Arnold gives an illustration by quoting two lines from Homer, another three lines from Homer,

another line from Homer, a few lines from Dante, a few lines from Shakespeare, and another

few from John Milton. Arnold says that the poets quoted by him are enough to enable anyone to

form clear and sound judgments of any other poetry and to conduct a real estimate.

Real Classic and the Dubious Classic:

Matthew Arnold offered his touchstone method to distinguish a real classic from a dubious

classic and to form a real estimate of poetry. He says “a dubious classic, let us shift him; if he is

a false classic, let us explode him . But he is a real classic, if his works belong to the class of

the very best, then the great thing for us to feel and enjoy his work as deeply as ever we can.” A

best classic is recognized by placing it beside the known classics of the world.

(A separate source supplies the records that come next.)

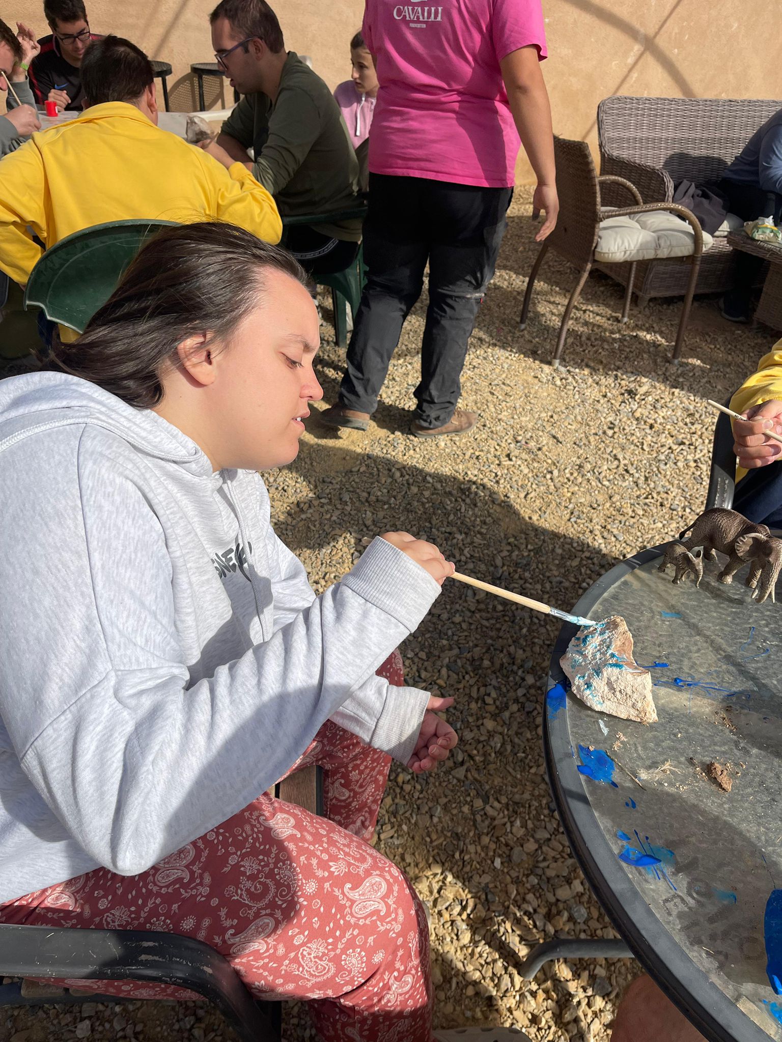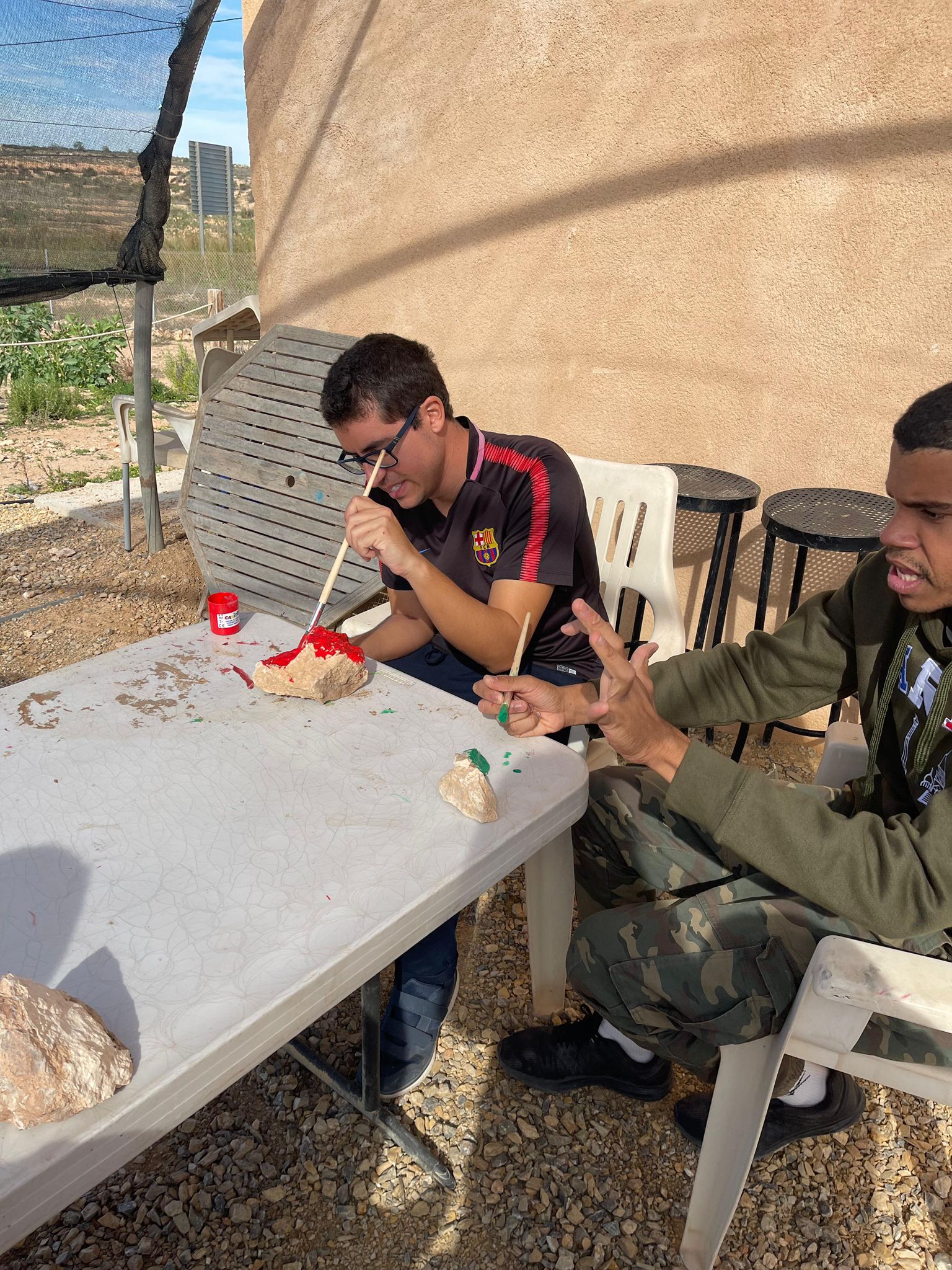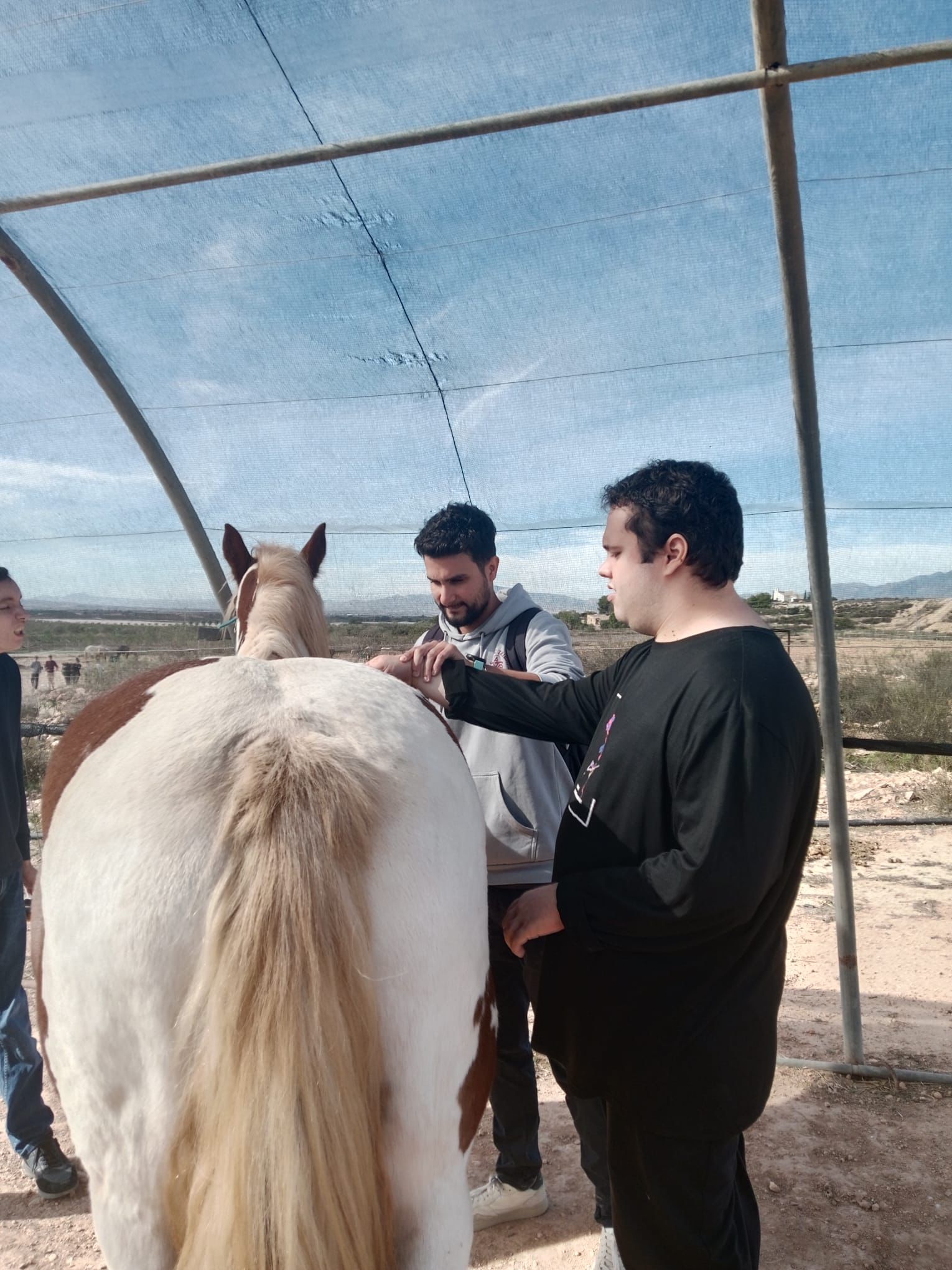 Durante la excursión, tuvimos la oportunidad de interactuar de forma directa con los animales, participando en actividades como cepillar a los caballos, acompañarlos en su paseo y decorar el entorno pintando piedras, dejando nuestra huella creativa en un lugar que transmite paz y bienestar. Estas experiencias favorecen la regulación emocional, reducen el estrés y refuerzan la autoestima y la comunicación, todo ello desde el respeto a los ritmos individuales y el vínculo con los animales.
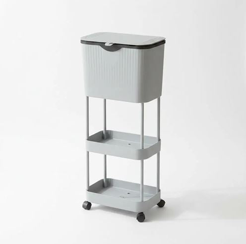 Kitchen Trash Can with Lid, Garbage Bin with Storage Rack, Narrow Waste Basket
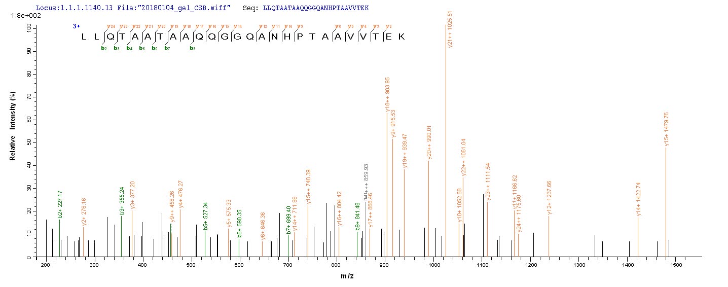 Based on the SEQUEST from database of E.coli host and target protein, the LC-MS/MS Analysis result of CSB-EP022812HU could indicate that this peptide derived from E.coli-expressed Homo sapiens (Human) STAT3.
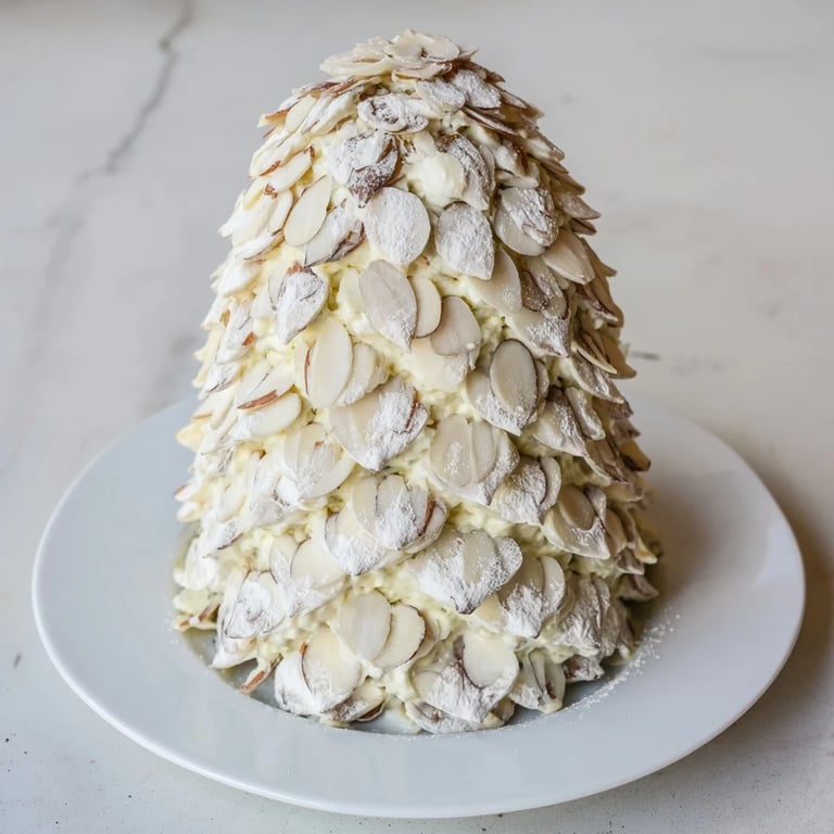 - Starting at the base, press almond slices or cracker shards into the cheese at a slight angle, overlapping them as you work upward. Each one should nestle slightly into the cheese below it. This is meditative work—take your time, let each scale catch the light. You're not just assembling; you're building a work of art.

Superiority over the Personal and Historical Methods of Poetry:

This method was recommended by Arnold to overcome the shortcomings of the personal and

historical estimates of a poem because both historical and personal estimate goes in vain.

Arnold says than the personal estimate should be avoided because it will lead to wrong

judgments. The historic estimate or judging a poet from the point of view of his importance in

the course of literary history is also not a true judgment of a poet. Its historical importance may

make us rate the work as higher than it really deserves. In order to form a real estimate, one

should have the ability to distinguish a real classic. At this point, Arnold offers his theory of

touchstone method.
Arnold gives a concrete example of the fallacies of the historical approach. Caedmon's position

is important in the historical sense but it would be wrong to hold him in the same level as

Milton poetically because of this historical position. So, in order to find the truly excellent

poetry, one should form a real estimate of poetry as opposed to historical estimate and

personal estimate.

Limitations:

The touchstone method has its own limitations. Those who do not agree with this theory of

comparative criticism say that Arnold is too strict, too exacting in comparing a simple modern

poet with the ancient master poet.

Also, this theory has set limited criteria for work to be great where as great works do not

require any criteria. All great work cannot be of same type and cannot be squeezed or fixed in

the same frame of classical great works.

With too much importance on judging a poetic work based on the classical works, one might

fear that the some of the perfectly well-written works would fade into insignificance.

And, the method of comparing passage with a passage is not a sufficient test for determining

the value of a work as a whole. Arnold himself insisted that we must judge a poem by the 'total

impression' and not by its fragments.

Conclusion:

Despite the limitations, the touchstone method is one of the greatest contributions of Matthew

Arnold. It provides a concrete form of comparing great poets, and has proved to be an

invaluable aid to appreciation of any kind of art. The touchstone method is helpful not merely

to compare the masterpiece and the lesser work, but the good with the not so good, the sincere

with the not quite sincere, it distinguishes them all from each other.